Gazans’ need is enormous. Amid the war’s violence, life expectancy in Gaza has been cut nearly in half, according to one Lancet study. The UN’s development program estimates that Gaza’s development has been set back by 75 years. Investigators with the research group Forensic Architecture have charted in Gaza the “near-total destruction of civilian life.”

UNRWA is indispensable to any genuine response. Statements of scale — UNRWA delivers more than half of all Gaza’s aid — fail to explain the agency’s real importance. UNRWA is a blockade specialist with decades of deep neighbourhood knowledge.

For a year following the 2014 war, I saw just how essential that specialized knowledge can be.
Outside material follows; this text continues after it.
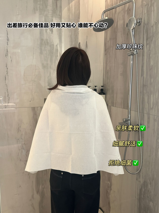 棉柔浴巾 独立包装,方便携带即取即用,可反复使用!直接在行李箱里丢个几包, 也不怎么占地方并且像这种大块的一次性浴巾,比压缩型的好多了。 加厚珍珠纹的构造加强了与皮肤之间的贴合,能够深层吸水, 而且不易起毛絮,带给肌肤的触感更加柔软舒爽! 接触人的皮肤,使人感到柔软而不僵硬。不仅如此,连细节设计也是非常贴心到位~ 遇水瞬间吸收,尤其擦头发的时候,吸水快,用完之后还能拿来当抹布~

In my reconstruction role, I spent time compiling the needs of bakers, tailors, and self-employed families whose chickens and rabbits had died of fright from the noise of the bombings. Around me, colleagues measured windows and doors to weatherproof more shelters. UNRWA consolidated exceptionally diverse needs for shelter, water, sanitation, food, fuel, cash, education, medication and health services. It produced quantity surveys for buildings to provide those services, all while navigating a longstanding blockade so intricate that it has been known to make it impossible to import the lead in pencils.

UNRWA was designed to pull this together in one coherent appeal, rather than presenting donors with a hundred competing requests.

Within weeks of the cessation of bombing in 2014, civilians in Gaza began to protest at UNRWA’s gates. They felt that the scale of need in Gaza was already receding in importance in the global eye.

Where else could they go to make that statement? Gaza has no Embassy Row. Israel prevents or controls the entry of international journalists, and most Gazan civilians have never been outside the blockaded strip. Then as now, Palestinians in Gaza sent messages to donor states through UNRWA, and UNRWA delivered its assistance in the name of donor countries.

UNRWA is the face of the world’s obligation to Palestinians. Every pallet of aid says that the world has not forgotten. Having survived an unimaginably destructive war, it is intolerable that the civilians of Gaza might now see the General Assembly let UNRWA’s mandate be torn up.

And although Israel’s ban will be deadliest in Gaza, its implications are much wider. If Israel is permitted to push UNRWA from occupied East Jerusalem, doing so will help cement Israel’s illegal annexation of the area and its religious sites. Just how much provocation will the region tolerate?